About Autophagy

In general terms, 'autophagy' refers to any intracellular process that involves the degradation of cytosolic components by the lysosome. There are at least three distinct autophagic pathways:
Macroautophagy, Microautophagy and Chaperone-mediated autophagy. The terms autophagy and macroautophagy are used interchangeably.

Autophagy is involved in physiological and pathological processes
Autophagy is a lysosomal degradation pathway that is essential for survival, differentiation, development, and homeostasis. Under certain circumstances, it is considered as a non-apoptotic cell death pathway. Autophagy is involved in diverse pathologies, including infections, cancer, neurodegeneration and aging as well as in heart, liver and kidney diseases.

The morphological hallmark of autophagy
Macroautophagy is a multistep process by which portions of cytoplasm, damaged proteins and/or organelles are sequestered in a double or multimembrane structure (autophagosome). Upon fusion of the autophagosome with the lysosome (autophagolysosome), sequestered materials are digested by lysosomal hydrolases. The recycling of these intracellular constituents serves as an alternative energy source during periods of metabolic stress to maintain homeostasis and viability.

Signaling pathway
Nucleation
The formation of autophagosomes is controlled by a complex interplay between activating and/or inhibitory proteins. The early step of this process is controlled by the formation of a complex between the autophagy execution protein Beclin1 (also named Autophagy-related gene 6, Atg6) and several protein partners among which Bcl-2 (B-cell CLL/lymphoma-2), UVRAG (Ultra-Violet irradiation Resistance-Associated Gene), Bif-1 (Bax-interacting factor 1), Ambra1 (Activating Molecule in Beclin-1-Regulated Autophagy), the class III phosphatidylinositol 3 kinase PI3K (also known as Vps34), its regulatory subunit 4 (also known as p150 or Vps15), and the newly described Rubicon and Atg14L proteins.
Elongation and maturation
The following step is essential for the elongation and maturation of the phagophore and for the sequential recruitment of other Atg proteins. The generated phosphatidylinositol-3-phosphate (PI3P) interacts with WIPI-1 protein (WD-repeat protein Interacting with Phospho Inosides) which is required for the recruitment of membranes. Thus, Atg12 conjugates with Atg5 and promotes the expansion of the vacuoles and conjugation of the MAP1LC3 (Microtuble-associated protein light chain 3, LC3). LC3 is cleaved at its COOH terminus to produce the cytosolic LC3-I form which is converted to LC3-II by covalent association with phosphatidylethanolamine (PE) lipid in the luminal side of autophagosomal membrane. The last step in this process is the fusion between the maturated autophagosome and lysosomes, and the degradation of the sequestered material, including LC3-II protein. The LC3 is therefore considered as one of the specific markers used to monitor autophagy in cells. The maturation of autophagosomes requires the activity of Rab GTPases (Rab7 and Rab24). The recruitment of polyubiquitinated protein aggregates to the autophagosomes is mediated by the polyubiquitin-binding protein p62/SQSTM1.

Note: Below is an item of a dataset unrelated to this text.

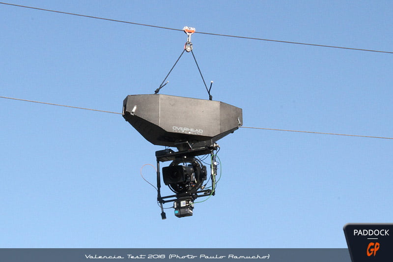 Après les « simples » caméras embarquées, puis les caméras gyroscopiques et les caméras à 360° sur les motos, une caméra accrochée à un câble de 150 mètres de long a fait son apparition à environ 6 mètres de haut au-dessus du muret des panneauteurs, pouvant ainsi couvrir la totalité de la pit-lane.

Recent evidence suggests that autophagy can be induced in a Beclin1 and PI3K independent manner. Termed non-canonical autophagy, this process does not require the entire set of Atg proteins to form the autophagosome.

This database provides scientists working in the autophagy field an overview of this phenomenon. Listed above are some excellent reviews that describe details about the molecular mechanisms and the regulation of autophagy. Mizushima et al., Nature 451, 1069-1075 (2008); Levine and Kroemer, Cell 132, 27-42 (2008).